Quando a personagem de Juliette Binoche entra em cena, no filme "Entre Dois Mundos", já em cartaz nos cinemas, a impressão é de que ela está num processo de construção de algo novo em sua vida, ao se mudar para cidade litorânea de Caen, na França. Depois de quase 20 anos se dedicando à casa e ao marido, ela não vê outra alternativa a não ser trabalhar com serviços gerais.
Marianne carrega aquele rosto de quem sofreu ou esconde algo muito dolorido, em que somente um recomeço, sem que ninguém saiba de seu passado, poderá lhe dar talvez o sossego necessário, ainda que a custo de muito trabalho pesado. A possibilidade de um alento está na percepção de histórias de colegas que se entregam a um serviço tão desprezado, sem perderem a dignidade.
Ao invés de vislumbrar o descobrimento de uma nova Marianne a partir desses encontros, o filme de Emmanuel Carrère segue outro rumo, mais previsível, muito comum no cinema hollywoodiano, em que um segredo da protagonista pode colocar tudo a perder - e esse mistério não está atrelado necessariamente ao passado dela, mas sim ao presente e suas intenções em Caen.
Essa abordagem é apresentada ao espectador logo na primeira meia hora, tirando a força das primeiras cenas de Marianne com a dura realidade das faxineiras. A interação deixa de ter uma mão dupla, fazendo da personagem uma mera observadora. Ao mesmo tempo em que cresce nela um sentimento de culpa e falta de ética, ao saborear aquelas narrativas tristes, ainda que em prol de algo nobre.
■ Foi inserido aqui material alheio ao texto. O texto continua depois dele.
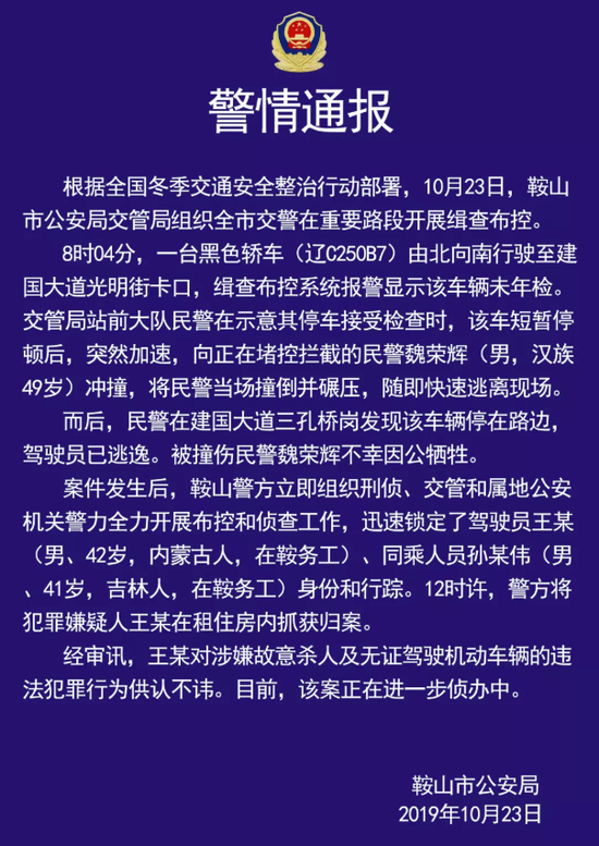 案件发生后,鞍山警方立即组织刑侦、交管和属地公安机关警力全力开展布控和侦查工作,迅速锁定了驾驶员王某(男、42岁,内蒙古人,在鞍务工)、同乘人员孙某伟(男、41岁,吉林人,在鞍务工)身份和行踪。12时许,警方将犯罪嫌疑人王某在租住房内抓获归案。
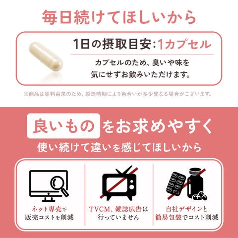 1日に1粒を目安に、水またはぬるま湯などでお召し上がりください。
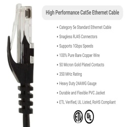 Cable CAT5E1000BK Bulk Ethernet Cable - Cat 5E, 1000', PVC, 24 AWG, 350 Mhz, Black

Nesse sentido, "do quanto pior, melhor", as melhores sequências são aquelas em que, com dados reais, é mostrada a rotina de limpeza na balsa que conecta a França à Inglaterra, em que as faxineiras têm apenas 1h30 para arrumar quase 300 quartos. Carrêre, como era de esperar, enaltece as relações afetivas construídas nesse universo, um bálsamo frente a todas adversidades.
Falta sensibilidade a Carrère para registrar esses encontros para além do artifício em evidenciar um sentimento de humanidade, da beleza encontrada em vidas anônimas. No elenco se destaca Hélène Lambert, que dá vida à combativa Cristèle, personagem que, num filme de Ken Loach - cineasta acostumado a temas que tratam dos profissionais invisibilizados - seria a grande protagonista.
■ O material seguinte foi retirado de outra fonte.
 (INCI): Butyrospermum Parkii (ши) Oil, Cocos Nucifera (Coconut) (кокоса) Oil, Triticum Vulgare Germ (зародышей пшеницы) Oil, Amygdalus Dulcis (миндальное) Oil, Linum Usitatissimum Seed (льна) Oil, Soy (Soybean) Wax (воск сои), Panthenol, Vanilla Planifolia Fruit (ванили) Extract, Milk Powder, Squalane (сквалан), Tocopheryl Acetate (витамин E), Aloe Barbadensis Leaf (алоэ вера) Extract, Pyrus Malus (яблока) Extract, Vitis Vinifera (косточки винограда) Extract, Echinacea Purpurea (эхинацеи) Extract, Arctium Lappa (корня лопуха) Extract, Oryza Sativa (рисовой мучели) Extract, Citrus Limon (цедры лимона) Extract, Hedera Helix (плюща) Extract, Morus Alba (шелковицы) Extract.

Com três filhos, sem tempo para namorar e se divertir, se entrega ao trabalho intenso até uma pequena abertura se oferecer, ao conhecer Marianne. Essa talvez seria a história a ser contada, mas o filme - baseado no romance “Le Quai de Ouistreham”, de Florence Aubenas - opta pela condução de alguém que está numa posição mais distanciada das lutas de classe, apesar de querer compreendê-la e denunciá-la.
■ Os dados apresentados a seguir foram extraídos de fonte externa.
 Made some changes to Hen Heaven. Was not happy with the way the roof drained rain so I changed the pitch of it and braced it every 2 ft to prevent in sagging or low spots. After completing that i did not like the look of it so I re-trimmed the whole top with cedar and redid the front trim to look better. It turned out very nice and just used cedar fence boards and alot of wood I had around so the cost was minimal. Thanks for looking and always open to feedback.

Mas esse desejo de denúncia fica só em Marianne, sem passar para o espectador, que se dá por satisfeito com essa mediação, sem ser provocado pela narrativa. Com tantos personagens interessantes e "vivos" que surgem no caminho dela, não se poderia esperar outro resultado do que uma gradual perda da força que um tema como esse poderia ensejar, até chegar a um final óbvio, sobre dois mundos que não se cruzam.